On Sat, Mar 12, 2011 at 2:30 AM, Pearu Peterson
<pearu.peterson at gmail.com> wrote:
>
>
> On Fri, Mar 11, 2011 at 3:58 AM, Ondrej Certik <ondrej at certik.cz> wrote:
>>
>> Hi,
>>
>> I spent about an hour googling and didn't figure this out. Here is my
>> setup.py:
>>
>> setup(
>> name = "libqsnake",
>> cmdclass = {'build_ext': build_ext},
>> version = "0.1",
>> packages = [
>> 'qsnake',
>> 'qsnake.calculators',
>> 'qsnake.calculators.tests',
>> 'qsnake.data',
>> 'qsnake.mesh2d',
>> 'qsnake.tests',
>> ],
>> package_data = {
>> 'qsnake.tests': ['phaml_data/domain.*'],
>> },
>> include_dirs=[numpy.get_include()],
>> ext_modules = [Extension("qsnake.cmesh", [
>> "qsnake/cmesh.pyx",
>> "qsnake/fmesh.f90",
>> ])],
>> description = "Qsnake standard library",
>> license = "BSD",
>> )
>>
>
> You can specify Fortran code, that you don't want to process with f2py, in
> the libraries list
> and then use the corresponding library in the extension, for example:
>
> setup(...
> libraries = [('foo', dict(sources=['qsnake/fmesh.f90']))],
> ext_modules = [Extension("qsnake.cmesh",
> sources =
> ["qsnake/cmesh.pyx"],
> libraries = ['foo']
> )],
> ...
> )
>
> See also scipy/integrate/setup.py that resolves the same issue but just
> using the configuration function approach.
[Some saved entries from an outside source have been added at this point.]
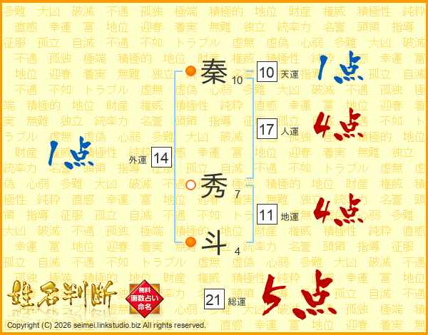 生活面を象徴する運勢です。外部から受ける影響力を表し、結婚運、家庭運や職場、環境への順応性を表します。総運から人運を引いた画数。姓や名が1文字の場合を除く。
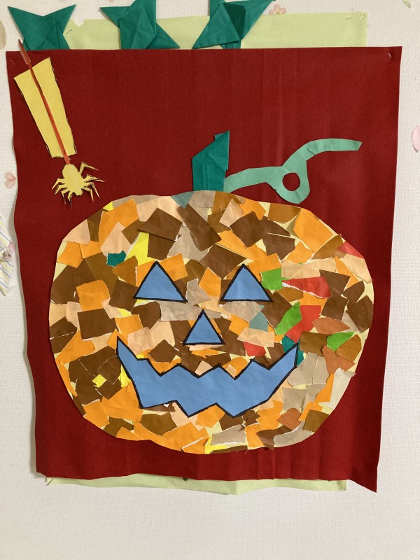みなさんと作っていたかぼちゃの貼り絵が完成しました。
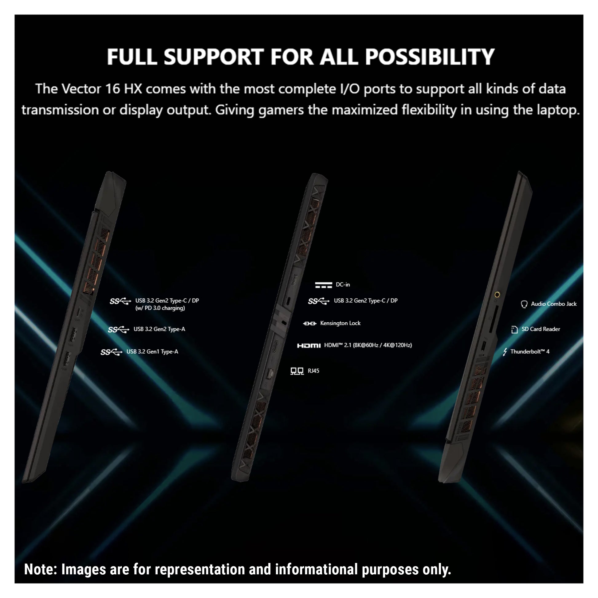 The Vector 16 HX comes with the most complete I/O ports to support all kinds of data transmission or display output. Giving gamers the maximized flexibility in using the laptop.
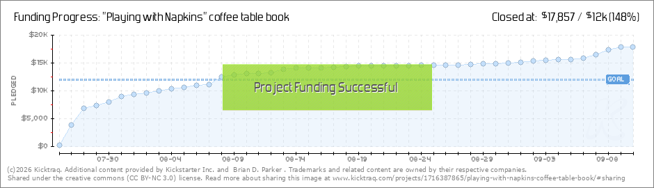 Hi Everybody! A huge "thank-you" to you for your support! We are over 1/3 funded and "Playing with Napkins" is a Kickstarter Staff Pick! Congratulations! When you are holding your reward items in your hand I hope you'll say to yourself "I made this... (Read More)
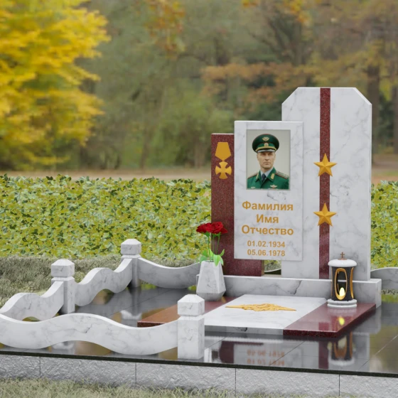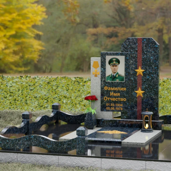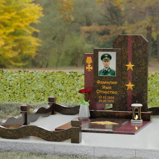 Дизайн Артикула 201 детально продуман. На боковых красных пилонах размещены символы доблести: объемная золоченая медаль на левой части и две пятиконечные звезды на правой. Эти элементы оформления нанесены с высочайшей точностью, создавая эффект металлического литья на граните. Портрет в центральной части помещен в строгую прямоугольную рамку, что придает образу завершенность. Золотое тиснение текста (фамилии и дат) на темном фоне создает благородный контраст и обеспечивает читаемость надписей на долгие годы. Надгробие из натурального камня установлено на массивный цоколь, который служит фундаментом всей композиции. Периметр участка оформлен каменным ограждением с плавными, волнообразными линиями, которые визуально смягчают строгость вертикальных стел. Наличие каменной вазы у подножия позволяет всегда поддерживать порядок, украшая место памяти живыми цветами.
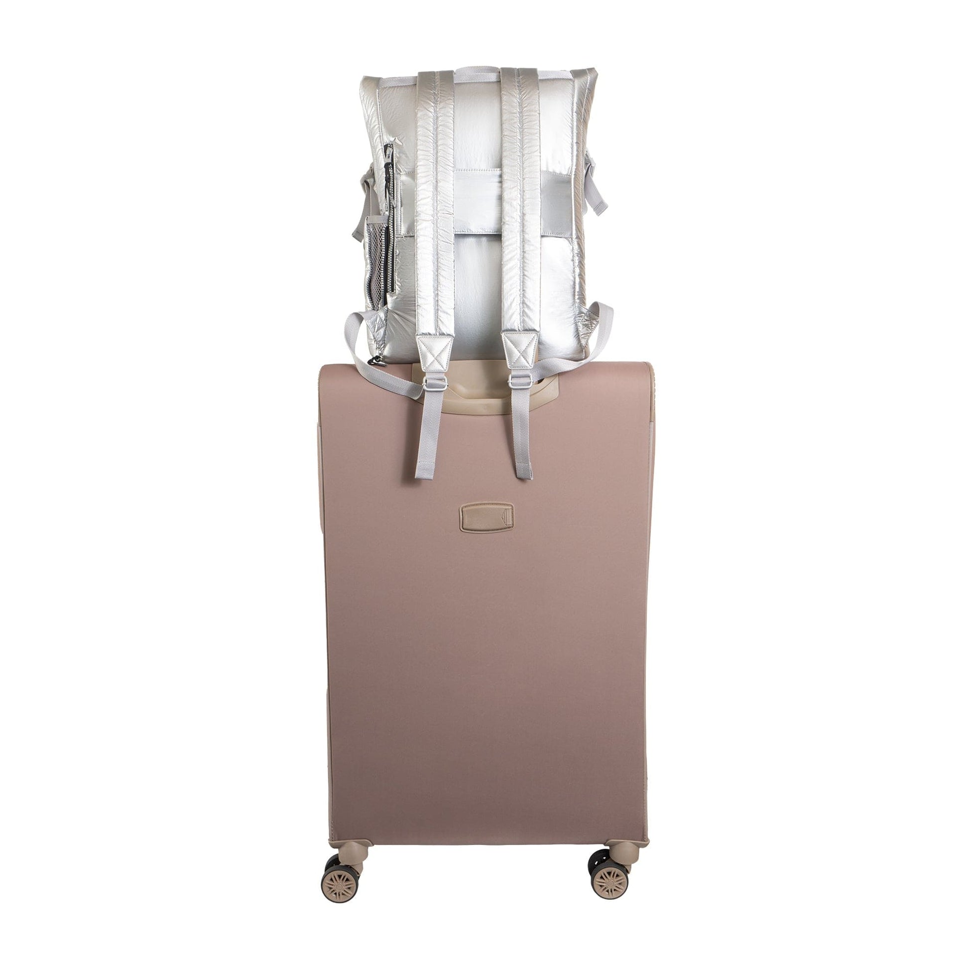 - Elasticized side pockets for carrying water bottles, umbrellas, or other tall essentials.
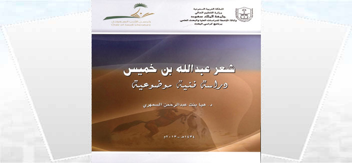 عن جامعة الملك سعود صدر كتاب: (شعر عبد الله بن خميس دراسة فنية موضوعية) تأليف الدكتورة هيا بنت عبد الرحمن السهري..

Indeed, I just tried it and it works! Thanks. I am now able to compile
fortran code into the extension module.
The only problem is that I am not able to convince Cython to also
parse the .pyx files, it clashes with the numpy's implementation of
build_ext. Which usually is not a problem, as long as one doesn't need
to compile Fortran and .pyx at the same time.
So cmake seems like the only robust option anyway.